My loom was sitting in the corner calling to me so I pulled it out and warped it with some Classic Elite Seedling I had intended for placemats.  I put in some stripes on the warp which I then also did on the weft.

I purchased a rotary cutter so the fringe would be even and straight (40% off at JoAnn Fabrics too!).

Here they are in their glory - I am feeling very clever and so proud of my new skill of hemstitching.  I need to make more of these.  This set is for my parents who are treating me to a trip to visit them next month.

March 14, 2015

One of the Perks

When you work in a yarn store, there are certain perks...working with fibery goodness, seeing yarns as they come out, etc.  This month's perk has been on my calendar for ages - Norah Gaughan is doing a farewell tour with her 16th Berroco book and sweater samples.  I was asked if I would like to work the night she was visiting my LYS - silly question, of course I would (and I had marked the date on my calendar ages ago).

It was a fun evening and we had a chance to chat before the doors opened to customers (and fans).  On my way to the store I called my knitting sister and told her she was the only one in our family who would understand the import of the evening...she got it.  I considered going all "fan girl" and bringing in my Norah Gaughan Volumes 1 and 3 (3 is the best!) and Knitting Nature but held back and decided to just enjoy meeting her.

Norah was talking about how her Kaari pattern that was free for a limited time went viral (even though it was from Volume 1 and had been out for ages).  This lead to my telling her about my Boxing Day Mittens experiment.

I had the chance to peruse the Vol 16 collection which was in a range of blues.  One of the items I thought was a capelet - turns out it was a skirt.  Another woman thought the same thing and put it on that way - guess what?  It is an amazing capelet and creative minds were flying on what yarns to use, how to make it a bit bigger, etc.  I'm now thinking I need to design a capelet.

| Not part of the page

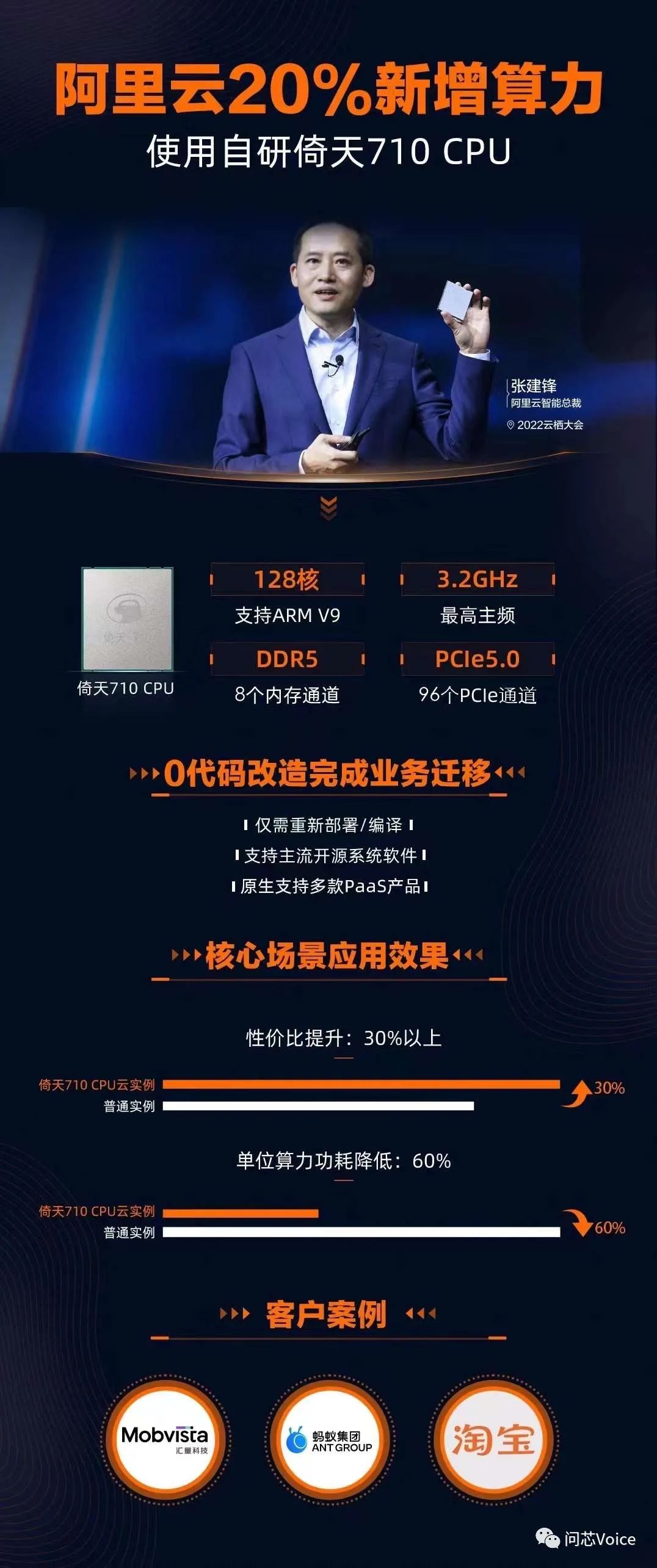 2021年云栖大会,阿里平头哥发布首颗自研CPU芯片倚天710。经过一年业务验证,2022云栖大会上阿里云宣布倚天710已大规模部署并提供云上服务,这是中国首个云上大规模应用的自研CPU。
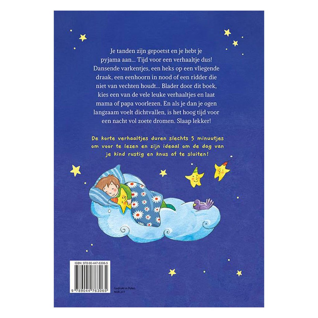 In dit prachtige bedtijdboek staan een heleboel leuke verhalen om bij weg te dromen. Dansende varkentjes, een heks op een vliegende draak, een eenhoorn in nood of een ridder die niet van vechten houdt...… Blader door dit boek, kies een van de vele leuke verhaaltjes en geniet samen met je kind van het voorleesmoment. De verhaaltjes zijn kort en duren slechts 5 minuten om voor te lezen. Ideaal om de dag rustig en knus af te sluiten.

A few photos from the night - the one of the two ladies smiling for the camera is Andra Asars (our Berroco rep) with Norah.  Andra is amazing - she is full of energy, creativity and a passion for her job.

March 10, 2015

Bellini Cowl

After a bit of working (and ripping out), I finished the cowl that uses both Classic Elite Sanibel and Santorini.  I went through my usual name struggle and was giving it the working name of Two Sans Cowl (SANibel and SANtorini).  Then I called it the SanSan Cowl for two minutes.  Finally, I focused on the end of each name SaniBEL and SantorINI and named it Bellini Cowl.

This photo isn't the greatest (iPad) but it gives you an idea of how it looks with the solid and variegated yarns.  I decided since it was a collaboration and adaptation that I wouldn't put it for sale on Ravelry.  Instead, it is at my LYS as a pattern you get when you purchase the yarn.

Yesterday I cast on a new design for the Greater Boston Yarn Crawl - I've been asked to do a shawl for the crawl.  I'm using Malabrigo Sock and having a wonderful time.

March 6, 2015

New Yarn - New Ideas

This past Tuesday while I was working at my LYS, a box of Classic Elite yarns came into the store.  In it was a new yarn called Santorini.  It's basically a variegated version of Sanibel.  One of the more popular patterns at the store is a free one using 2 skeins of Sanibel.

So the LYS owner, Debbie, and I got to thinking of how to use this new yarn and Sanibel to create another cowl.

We picked these colors and I went home and started knitting.

I have a finished product I'm calling Two Sans Cowl (SANibel and SANtorini).  I have to run it by Debbie and we'll discuss if it is a free pattern or not.  I love new yarns leading to new ideas.